Jani: Stimmt nicht ganz. Die Strecke ändert sich

von Runde zu Runde. Meistens wird sie schneller.

In der Formel E kann das extrem sein, da es sich

um einen improvisierten Stadtkurs handelt. Das

Grip-Niveau steigt von Runde zu Runde. Am Ende

eines Tages kann so ein Kurs plötzlich dreißig

Sekunden schneller sein, wie in Saudi-Arabien

zum Beispiel. Wobei das schon extrem ist.

Wie viel Erfahrung hat der Skirennfahrer Aksel Lund

Svindal im Auto auf der Rennstrecke?

Svindal: Wenig. Ich bin viele Kilometer Auto

gefahren, aber nur wenig auf der Rennstrecke.

Wenn ich allerdings mit Freunden auf die

Rennstrecke gehe, spüre ich schon, dass ich im

Vergleich zu denen, die keinen Sport treiben,

schneller lerne.

Jani: Weil das Gefühl da ist.

Svindal: Richtig, vor allem das Gefühl für die

schnelle Linie. Lenkrad, Gas, Bremse haben wir

beim Skifahren natürlich nicht, also in diesem

Bereich muss ich schon immer viel lernen, aber

das Gespür für die Linie habe ich im Blut.

Jani: Du warst zwei Mal in Le Mans, stimmt das?

Svindal: Richtig. Und ich bin permanent an der

Rennstrecke geblieben und habe während der 24

Stunden vielleicht rund eine Stunde geschlafen.

Ich war bei vielen Formel 1-Rennen, aber Le Mans

ist schon noch mal etwas ganz Besonderes.

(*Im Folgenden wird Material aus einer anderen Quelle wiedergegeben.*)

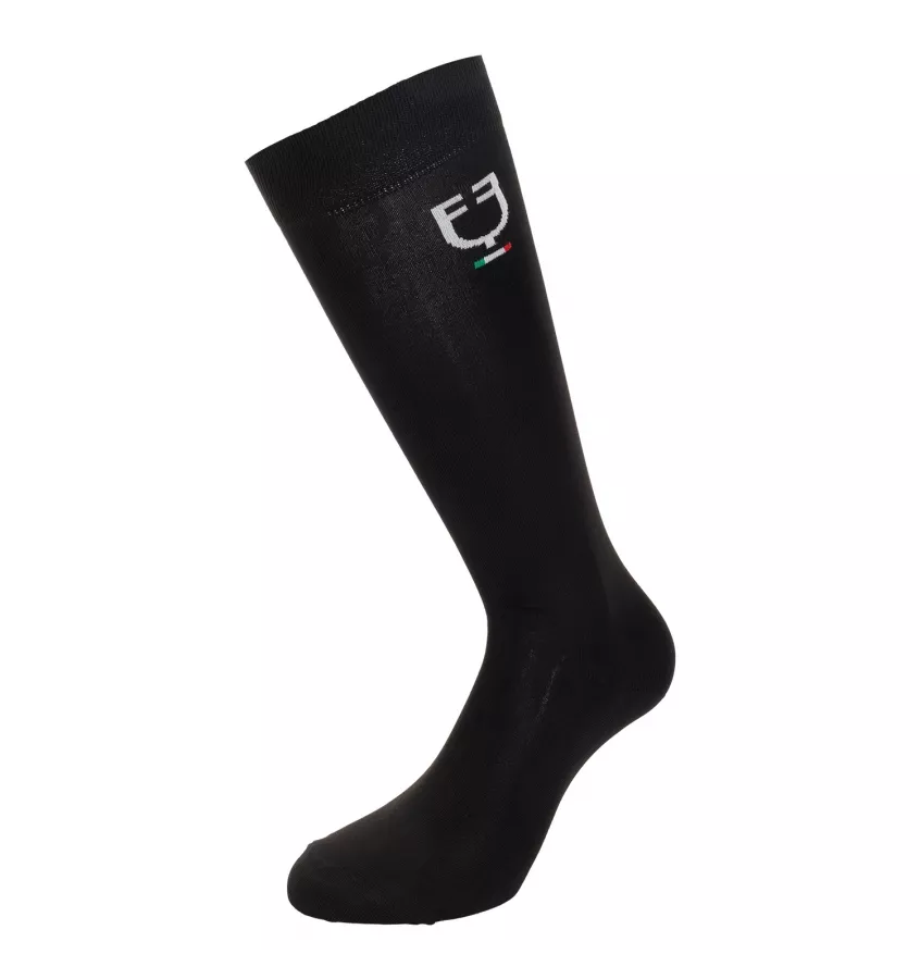 Skarpetki z lekkiego, oddychającego i wygodnego, rozciągliwego materiału technicznego. Zastosowana tkanina jest odporna na ścieranie i przecieranie. U góry logo Equestro z włoską flagą. Znakomite zarówno na zawody, jak i w czasie wolnym.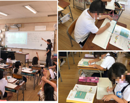 1年生の算数です。今日、初めてたし算の式を書きました。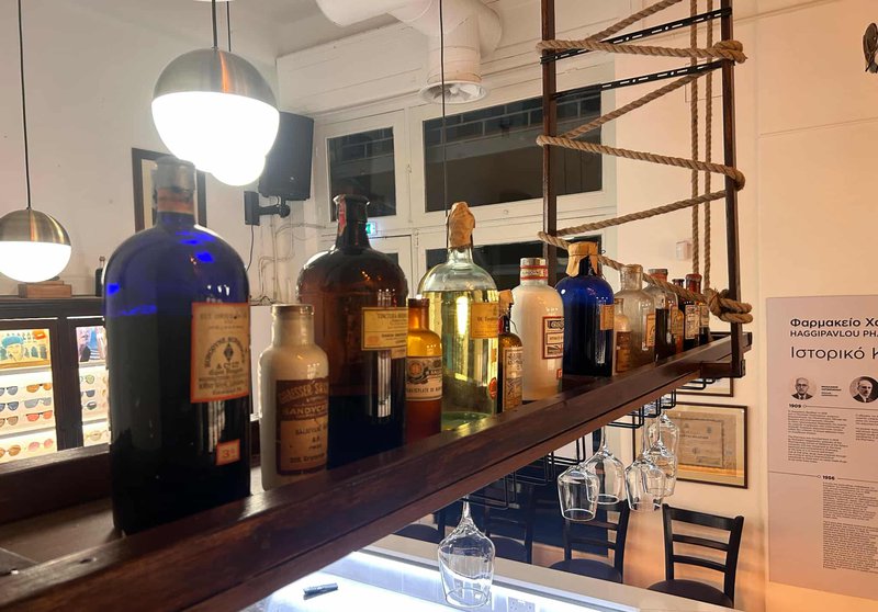 Τιμώντας την ιστορία του, ο χώρος διατήρησε το όνομά του και πολλά από τα παλιά του αντικείμενα — ιατρικά εργαλεία, γυάλινα μπουκαλάκια με φάρμακα και σπάνια γυαλιά — που σήμερα λειτουργούν ως μοναδικά διακοσμητικά στοιχεία, αναδεικνύοντας την αυθεντική του ταυτότητα.
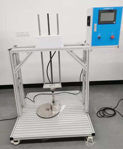 本設(shè)備符合GB9706.1-2020(IEC60601-1-2012)中15.4.7.1條及YY1057-2016醫(yī)用腳踏開關(guān)通用技術(shù)條件第5.1.3.1項標(biāo)準(zhǔn)要求中對腳踏控制裝置施加1350N的作用力達(dá)1min,來檢驗是否符合來自人體重量的靜載荷條款要求;用于腳踏開關(guān)加載力試驗;需采用電機(jī)++絲桿+力傳感器加載方式,力值數(shù)顯。力傳感器與壓板之間加一個萬向關(guān)節(jié)連接。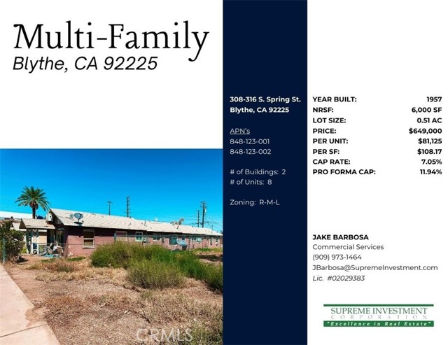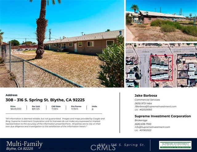 除了房屋基本信息以外,CCHP.COM還可以為您提供該房屋的學區資訊,周邊生活資訊,歷史成交記錄,以及計算貸款每月還款額等功能。 建議您在CCHP.COM右上角點擊註冊,成功註冊後您可以根據您的搜房標準,設置“同類型新房上市郵件即刻提醒“業務,及時獲得您所關注房屋的第一手資訊。 这套房子(地址:316 S Spring St Blythe, CA 92225)是否是您想要的?是否想要預約看房?如果需要,請聯繫我們,讓我們專精該區域的地產經紀人幫助您輕鬆找到您心儀的房子。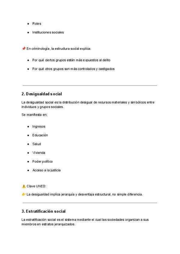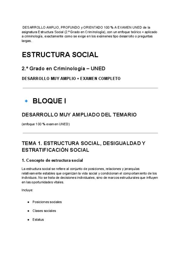DESARROLLO AMPLIO, PROFUNDO y ORIENTADO 100 % A EXAMEN UNED de la asignatura Estructura Social (2.º Grado en Criminología), con un enfoque teórico + aplicado a criminología, exactamente como se exige en los exámenes tipo desarrollo o preguntas largas.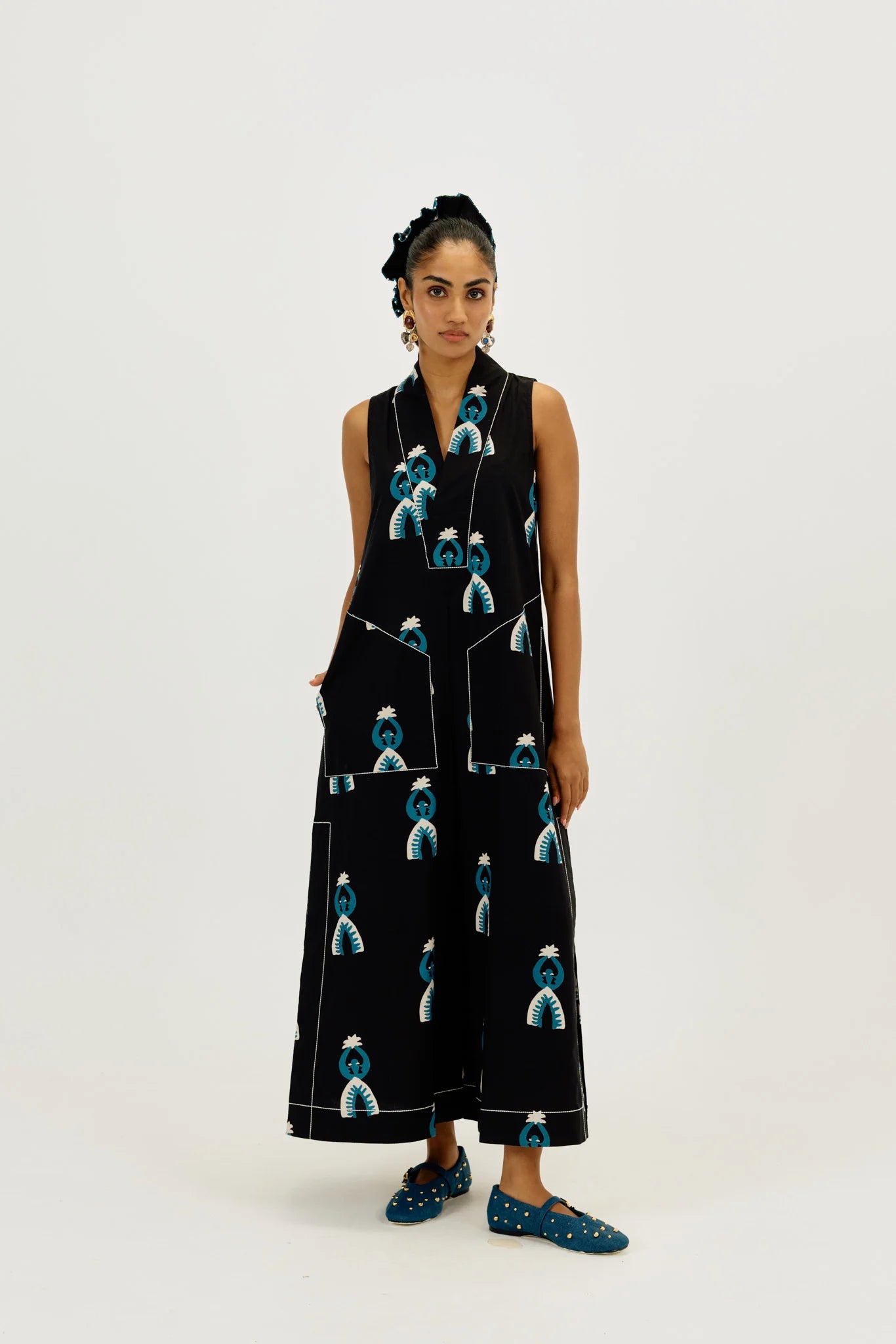 RSVP yes, thanks to this fabulous dress. This sleeveless midi dress is adorned with our bold tribal doll print. Designed with roomy patch pockets, a relaxed fit, and side slits on both sides for ease of movement and added flair. The clean V neckline and contrast topstitching make it feel polished yet unfussy. Wear it solo or layer it with a shirt for that effortless edge.

Der Kampf auf der Strecke, mit den Gegnern, der

Tempounterschied zwischen den Prototypen und

den GT-Fahrzeugen. Das sind natürlich Dinge, die

wir beim Skifahren nicht haben.

Was macht diese Ereignisse für Zuschauer nach wie

vor so faszinierend?

Svindal: Ich glaube, es sind die Geschichten.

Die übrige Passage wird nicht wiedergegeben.